■ **TASK REQUIREMENTS**
Copy exactly the lines of the material below, starting with the first and including the line that holds "- 4パチ:224台 1パチ:272台 46スロ:288台 5スロ:116台".

■ **ENTRIES SHOWN**
● ● ● ● ●
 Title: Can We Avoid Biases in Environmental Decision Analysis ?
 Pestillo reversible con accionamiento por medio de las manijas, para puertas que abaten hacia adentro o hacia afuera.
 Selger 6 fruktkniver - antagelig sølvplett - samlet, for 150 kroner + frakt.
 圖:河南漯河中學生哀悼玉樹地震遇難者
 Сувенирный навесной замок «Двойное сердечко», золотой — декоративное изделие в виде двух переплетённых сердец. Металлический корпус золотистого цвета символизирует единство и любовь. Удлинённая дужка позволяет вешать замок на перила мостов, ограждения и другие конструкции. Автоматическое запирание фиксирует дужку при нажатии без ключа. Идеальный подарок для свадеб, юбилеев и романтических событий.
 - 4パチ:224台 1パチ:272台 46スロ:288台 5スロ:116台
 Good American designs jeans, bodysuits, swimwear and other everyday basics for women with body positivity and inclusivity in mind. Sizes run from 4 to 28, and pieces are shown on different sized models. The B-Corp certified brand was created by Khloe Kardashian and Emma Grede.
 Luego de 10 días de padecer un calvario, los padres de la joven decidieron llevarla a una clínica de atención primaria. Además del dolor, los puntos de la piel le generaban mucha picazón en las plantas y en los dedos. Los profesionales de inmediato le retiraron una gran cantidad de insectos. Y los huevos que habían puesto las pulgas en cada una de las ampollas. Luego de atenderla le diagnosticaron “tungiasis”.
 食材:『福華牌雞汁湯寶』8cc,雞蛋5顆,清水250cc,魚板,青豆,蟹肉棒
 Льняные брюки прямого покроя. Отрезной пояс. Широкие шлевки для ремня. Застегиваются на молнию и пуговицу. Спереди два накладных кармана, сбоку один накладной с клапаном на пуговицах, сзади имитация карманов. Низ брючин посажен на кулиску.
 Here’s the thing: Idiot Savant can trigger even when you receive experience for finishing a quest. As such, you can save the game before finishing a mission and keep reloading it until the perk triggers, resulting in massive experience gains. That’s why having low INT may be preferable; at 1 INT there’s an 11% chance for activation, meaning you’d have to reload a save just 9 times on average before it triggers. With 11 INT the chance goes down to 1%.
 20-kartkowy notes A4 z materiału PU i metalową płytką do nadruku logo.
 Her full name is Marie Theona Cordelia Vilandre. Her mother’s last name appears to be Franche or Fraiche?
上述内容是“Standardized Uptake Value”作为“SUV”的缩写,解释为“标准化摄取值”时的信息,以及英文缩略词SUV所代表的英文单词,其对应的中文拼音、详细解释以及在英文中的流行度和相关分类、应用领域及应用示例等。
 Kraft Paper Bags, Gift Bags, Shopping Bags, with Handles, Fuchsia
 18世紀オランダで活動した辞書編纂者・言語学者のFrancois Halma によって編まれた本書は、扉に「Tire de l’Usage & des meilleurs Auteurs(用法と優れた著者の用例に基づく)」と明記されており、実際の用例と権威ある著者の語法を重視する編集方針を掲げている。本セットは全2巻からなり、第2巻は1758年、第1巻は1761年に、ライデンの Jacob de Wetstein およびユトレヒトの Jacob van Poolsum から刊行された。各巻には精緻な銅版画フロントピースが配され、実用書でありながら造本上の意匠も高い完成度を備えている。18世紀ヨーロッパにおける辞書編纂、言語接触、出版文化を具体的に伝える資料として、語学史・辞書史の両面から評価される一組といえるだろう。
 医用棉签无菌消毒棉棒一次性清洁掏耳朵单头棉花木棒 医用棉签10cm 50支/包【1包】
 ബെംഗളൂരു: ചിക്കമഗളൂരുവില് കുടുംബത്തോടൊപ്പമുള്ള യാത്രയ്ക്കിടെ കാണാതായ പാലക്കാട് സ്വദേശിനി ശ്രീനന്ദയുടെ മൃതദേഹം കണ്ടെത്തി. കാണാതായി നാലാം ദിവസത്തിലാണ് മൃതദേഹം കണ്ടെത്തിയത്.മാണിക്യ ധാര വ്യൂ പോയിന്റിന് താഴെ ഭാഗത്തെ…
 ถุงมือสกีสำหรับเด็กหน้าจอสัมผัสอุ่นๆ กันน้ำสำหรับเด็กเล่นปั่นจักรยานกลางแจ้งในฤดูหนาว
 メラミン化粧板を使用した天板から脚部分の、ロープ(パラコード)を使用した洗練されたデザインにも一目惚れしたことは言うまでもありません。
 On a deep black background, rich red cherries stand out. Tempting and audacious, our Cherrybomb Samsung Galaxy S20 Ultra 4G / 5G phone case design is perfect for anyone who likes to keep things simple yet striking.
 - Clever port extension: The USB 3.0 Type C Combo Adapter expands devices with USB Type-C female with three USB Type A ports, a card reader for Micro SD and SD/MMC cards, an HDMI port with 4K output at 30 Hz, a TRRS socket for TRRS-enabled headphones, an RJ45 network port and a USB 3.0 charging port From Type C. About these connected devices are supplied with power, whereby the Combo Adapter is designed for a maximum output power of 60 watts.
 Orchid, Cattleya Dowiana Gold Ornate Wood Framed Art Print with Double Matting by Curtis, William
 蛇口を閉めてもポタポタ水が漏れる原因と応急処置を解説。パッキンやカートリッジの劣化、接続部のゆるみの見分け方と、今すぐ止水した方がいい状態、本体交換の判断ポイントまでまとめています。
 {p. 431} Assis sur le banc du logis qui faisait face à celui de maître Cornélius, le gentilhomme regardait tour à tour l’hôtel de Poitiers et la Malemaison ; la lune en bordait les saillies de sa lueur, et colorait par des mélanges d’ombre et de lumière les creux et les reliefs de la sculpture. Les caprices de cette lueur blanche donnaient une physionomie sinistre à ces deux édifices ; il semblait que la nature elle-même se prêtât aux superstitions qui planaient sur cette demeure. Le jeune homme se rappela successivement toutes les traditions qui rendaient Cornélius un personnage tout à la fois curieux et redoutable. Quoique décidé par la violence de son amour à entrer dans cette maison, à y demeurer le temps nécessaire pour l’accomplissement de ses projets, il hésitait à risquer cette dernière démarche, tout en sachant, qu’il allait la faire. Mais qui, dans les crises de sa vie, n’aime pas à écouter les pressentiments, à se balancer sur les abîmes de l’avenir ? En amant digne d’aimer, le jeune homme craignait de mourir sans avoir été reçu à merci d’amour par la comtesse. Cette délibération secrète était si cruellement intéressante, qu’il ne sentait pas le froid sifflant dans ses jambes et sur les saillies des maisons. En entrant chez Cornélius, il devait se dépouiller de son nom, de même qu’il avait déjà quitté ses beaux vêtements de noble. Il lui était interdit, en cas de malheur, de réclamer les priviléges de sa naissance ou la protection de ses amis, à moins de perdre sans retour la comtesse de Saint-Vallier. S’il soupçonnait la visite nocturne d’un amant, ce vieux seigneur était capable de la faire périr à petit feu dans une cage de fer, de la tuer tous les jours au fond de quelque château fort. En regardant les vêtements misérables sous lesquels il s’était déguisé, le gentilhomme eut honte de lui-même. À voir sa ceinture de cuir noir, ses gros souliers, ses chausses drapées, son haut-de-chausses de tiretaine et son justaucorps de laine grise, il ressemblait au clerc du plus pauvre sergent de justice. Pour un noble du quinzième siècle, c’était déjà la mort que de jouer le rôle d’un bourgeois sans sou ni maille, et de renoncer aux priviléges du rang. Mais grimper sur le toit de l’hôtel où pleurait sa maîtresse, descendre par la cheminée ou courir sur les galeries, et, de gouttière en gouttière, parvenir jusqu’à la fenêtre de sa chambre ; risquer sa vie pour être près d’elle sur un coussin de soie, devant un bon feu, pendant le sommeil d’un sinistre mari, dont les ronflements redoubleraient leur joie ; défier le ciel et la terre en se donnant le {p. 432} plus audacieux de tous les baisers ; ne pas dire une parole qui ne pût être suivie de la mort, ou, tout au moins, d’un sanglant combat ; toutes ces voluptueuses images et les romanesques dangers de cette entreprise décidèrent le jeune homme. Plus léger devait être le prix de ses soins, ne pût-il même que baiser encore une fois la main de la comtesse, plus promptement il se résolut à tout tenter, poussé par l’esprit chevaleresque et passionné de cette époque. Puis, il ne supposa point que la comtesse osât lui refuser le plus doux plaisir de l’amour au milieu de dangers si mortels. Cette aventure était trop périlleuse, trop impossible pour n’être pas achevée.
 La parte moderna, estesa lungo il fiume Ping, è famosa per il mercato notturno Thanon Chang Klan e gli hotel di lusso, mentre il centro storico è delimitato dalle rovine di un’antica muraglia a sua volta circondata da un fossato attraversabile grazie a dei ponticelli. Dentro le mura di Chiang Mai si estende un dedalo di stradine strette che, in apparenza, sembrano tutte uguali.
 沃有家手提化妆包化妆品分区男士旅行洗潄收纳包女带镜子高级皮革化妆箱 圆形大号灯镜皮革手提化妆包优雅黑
● ● ● ● ●
■ **TASK SOLUTION**
 Title: Can We Avoid Biases in Environmental Decision Analysis ?
 Pestillo reversible con accionamiento por medio de las manijas, para puertas que abaten hacia adentro o hacia afuera.
 Selger 6 fruktkniver - antagelig sølvplett - samlet, for 150 kroner + frakt.
 圖:河南漯河中學生哀悼玉樹地震遇難者
 Сувенирный навесной замок «Двойное сердечко», золотой — декоративное изделие в виде двух переплетённых сердец. Металлический корпус золотистого цвета символизирует единство и любовь. Удлинённая дужка позволяет вешать замок на перила мостов, ограждения и другие конструкции. Автоматическое запирание фиксирует дужку при нажатии без ключа. Идеальный подарок для свадеб, юбилеев и романтических событий.
 - 4パチ:224台 1パチ:272台 46スロ:288台 5スロ:116台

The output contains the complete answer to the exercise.